START RECORDS FOR THE EXERCISE

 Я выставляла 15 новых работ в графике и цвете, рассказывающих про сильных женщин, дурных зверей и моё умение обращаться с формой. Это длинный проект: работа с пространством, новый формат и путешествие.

END RECORDS FOR THE EXERCISE
START RECORDS FOR THE EXERCISE

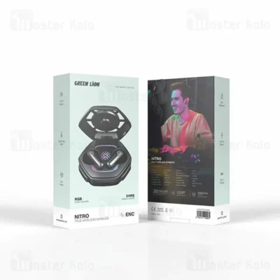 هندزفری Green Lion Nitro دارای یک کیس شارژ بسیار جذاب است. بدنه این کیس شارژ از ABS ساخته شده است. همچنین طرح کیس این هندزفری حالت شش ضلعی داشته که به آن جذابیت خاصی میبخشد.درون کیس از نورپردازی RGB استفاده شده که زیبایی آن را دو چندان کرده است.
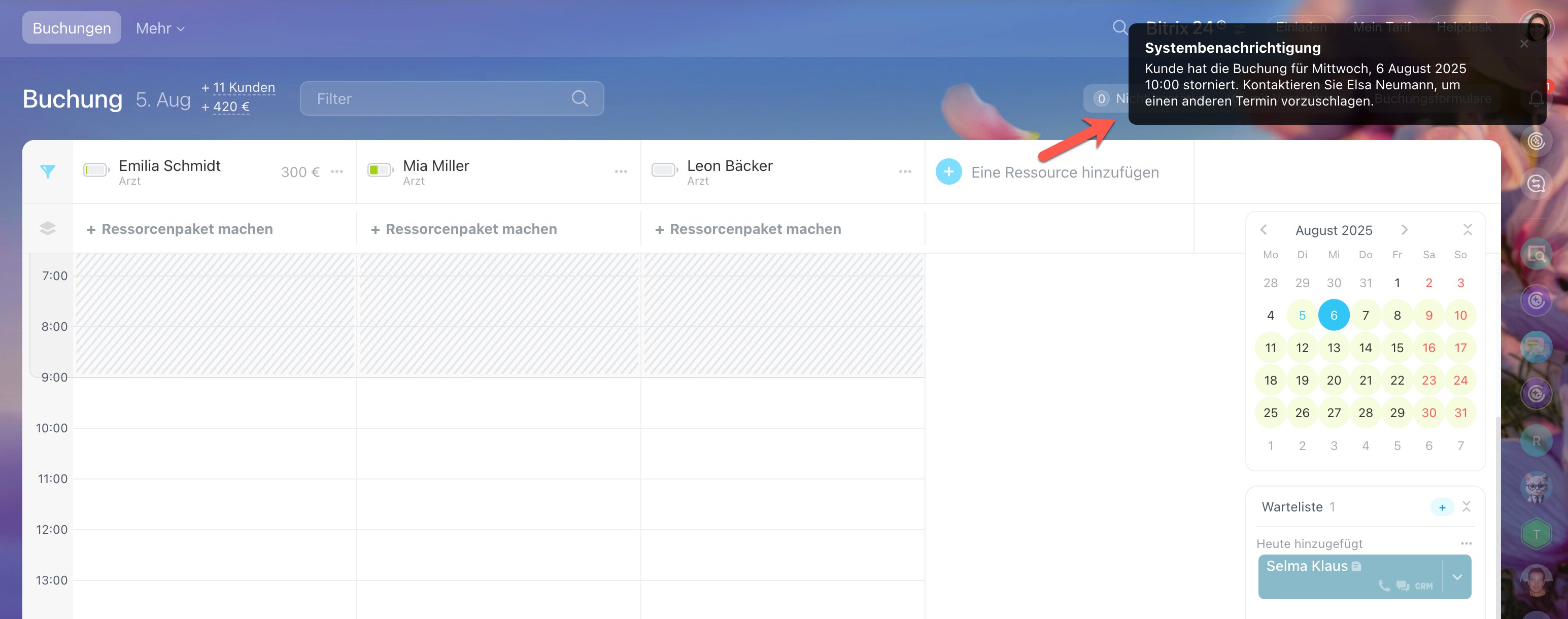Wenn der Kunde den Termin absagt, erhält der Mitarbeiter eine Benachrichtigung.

END RECORDS FOR THE EXERCISE
START RECORDS FOR THE EXERCISE

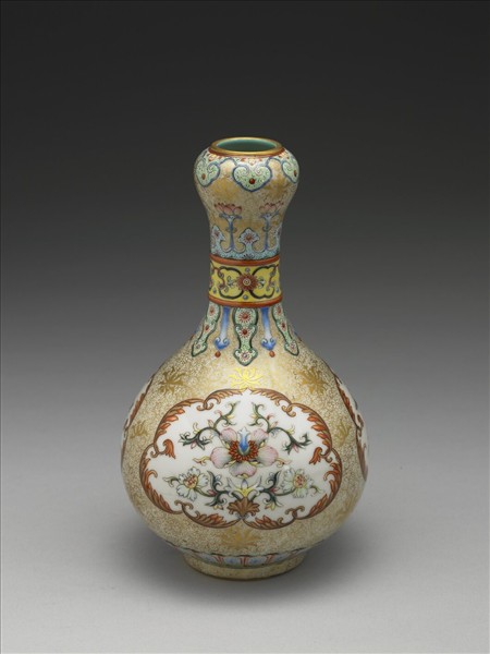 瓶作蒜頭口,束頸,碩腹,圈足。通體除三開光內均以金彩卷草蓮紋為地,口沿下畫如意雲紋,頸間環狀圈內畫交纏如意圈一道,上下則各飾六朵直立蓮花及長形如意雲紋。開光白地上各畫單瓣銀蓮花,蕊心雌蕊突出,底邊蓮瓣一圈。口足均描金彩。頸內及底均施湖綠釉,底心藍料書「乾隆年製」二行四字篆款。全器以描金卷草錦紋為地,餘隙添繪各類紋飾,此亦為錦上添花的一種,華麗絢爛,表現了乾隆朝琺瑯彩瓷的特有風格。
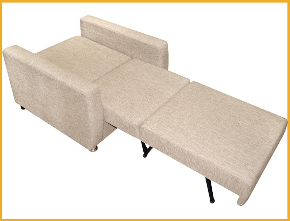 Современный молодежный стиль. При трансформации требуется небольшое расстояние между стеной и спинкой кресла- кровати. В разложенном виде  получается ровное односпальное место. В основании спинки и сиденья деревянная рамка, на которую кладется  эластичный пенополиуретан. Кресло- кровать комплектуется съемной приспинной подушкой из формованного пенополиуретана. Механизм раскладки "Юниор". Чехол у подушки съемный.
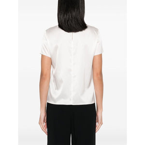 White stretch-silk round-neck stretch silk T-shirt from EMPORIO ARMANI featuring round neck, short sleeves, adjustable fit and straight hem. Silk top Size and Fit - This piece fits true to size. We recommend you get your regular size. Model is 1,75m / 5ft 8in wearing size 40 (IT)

END RECORDS FOR THE EXERCISE

> _WHAT TO DO_
Look above for the line holding "هندزفری Green Lion" and output everything from it down to the line holding "Wenn der Kunde", both ends included, exactly and without images.

> _RESULT FOR THIS TASK_
 هندزفری Green Lion Nitro دارای یک کیس شارژ بسیار جذاب است. بدنه این کیس شارژ از ABS ساخته شده است. همچنین طرح کیس این هندزفری حالت شش ضلعی داشته که به آن جذابیت خاصی میبخشد.درون کیس از نورپردازی RGB استفاده شده که زیبایی آن را دو چندان کرده است.
Wenn der Kunde den Termin absagt, erhält der Mitarbeiter eine Benachrichtigung.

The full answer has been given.